_RECORDS TO USE_:
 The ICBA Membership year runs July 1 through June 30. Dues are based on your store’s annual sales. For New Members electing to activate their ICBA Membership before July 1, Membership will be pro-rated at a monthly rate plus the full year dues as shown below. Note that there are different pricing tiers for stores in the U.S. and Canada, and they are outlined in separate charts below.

==

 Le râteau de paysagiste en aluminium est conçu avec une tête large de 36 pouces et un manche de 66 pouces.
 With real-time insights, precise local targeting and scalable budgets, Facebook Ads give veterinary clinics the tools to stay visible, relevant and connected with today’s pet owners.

...

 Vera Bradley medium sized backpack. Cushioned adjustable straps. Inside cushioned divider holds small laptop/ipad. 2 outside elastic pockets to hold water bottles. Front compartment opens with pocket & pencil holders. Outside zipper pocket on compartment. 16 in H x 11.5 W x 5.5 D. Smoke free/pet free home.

_PROBLEM TO WORK ON_:
For the word "with", state how many lines of the material contain it. Give the number and no more.

_RESULT FOR THIS EXERCISE_:
2